There have been a couple of joint parties this year, where two kids have got together for their birthday celebrations. The school allows private parties in the hall for free, IF all children in the class are invited. Bear in mind that it is actually two separate Montessori years that work very closely together, so a total of around 40 children. I never gave it a great deal of thought, thinking that perhaps the kids or parents were friends, and they just found it easier to combine parties.

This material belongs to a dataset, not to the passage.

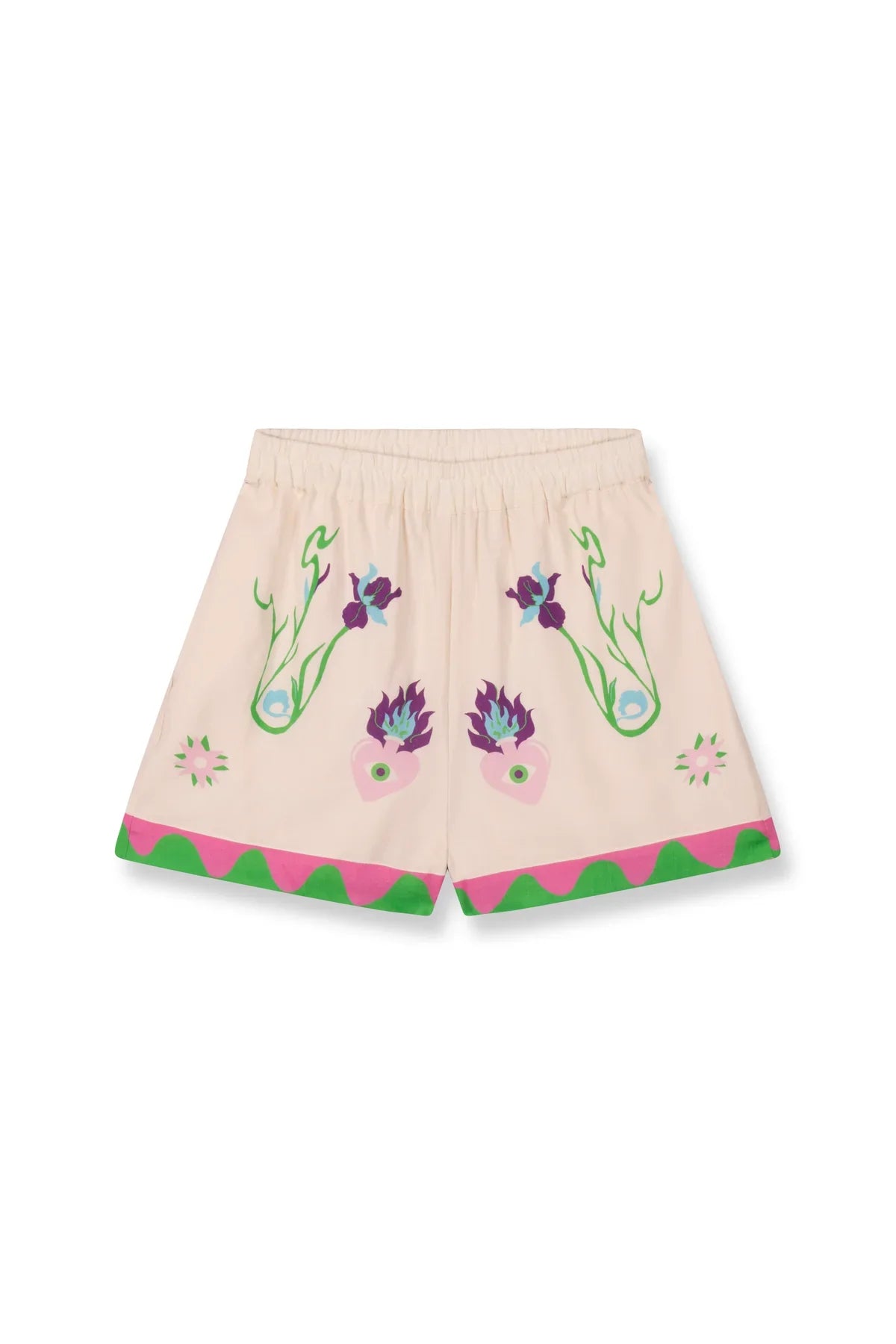 De Alice Short is jouw nieuwe go-to voor zonnige dagen. Deze losvallende short is gemaakt van 100% ademende viscose en hebben een all-over print die jouw look direct laat opvallen. De elastische tailleband zorgt voor een comfy fit, terwijl de steekzakken aan de zijkant net dat beetje extra functionaliteit geven. Combineer ze met de bijpassende Alana Blouse voor een leuke matching zomer set!

That was until I received an email from the father of a child who has recently had a joint party with another boy. He was bemoaning the fact that the party generated too many presents. I know. How horrible. Evil parents of party-going children, you should be ashamed of yourselves!

His email declared his intention to wage a one-man campaign against joint parties involving only two participants. He wanted there to be one joint party every season; so we’re talking about celebrations for 10 children per go. This made us scratch our head a bit. Surely, ten children generate MORE presents, and not fewer? Each child would still get one present from every guest. Wouldn’t they? So, the logistics would be horrific. Yes, admittedly, one party a season might be easier to organise if you all pitched in – but could you imagine turning up with (and paying for) ten presents? You’d need a wheelbarrow to transport them all!

Anyway, we dismissed the whole thing as faintly ridiculous, had a little laugh about Swedish people, sent a thanks, but no thanks, email, and then forgot about it.

Until the next email arrived. This time from someone asking if anyone would like to have a joint party with their daughter.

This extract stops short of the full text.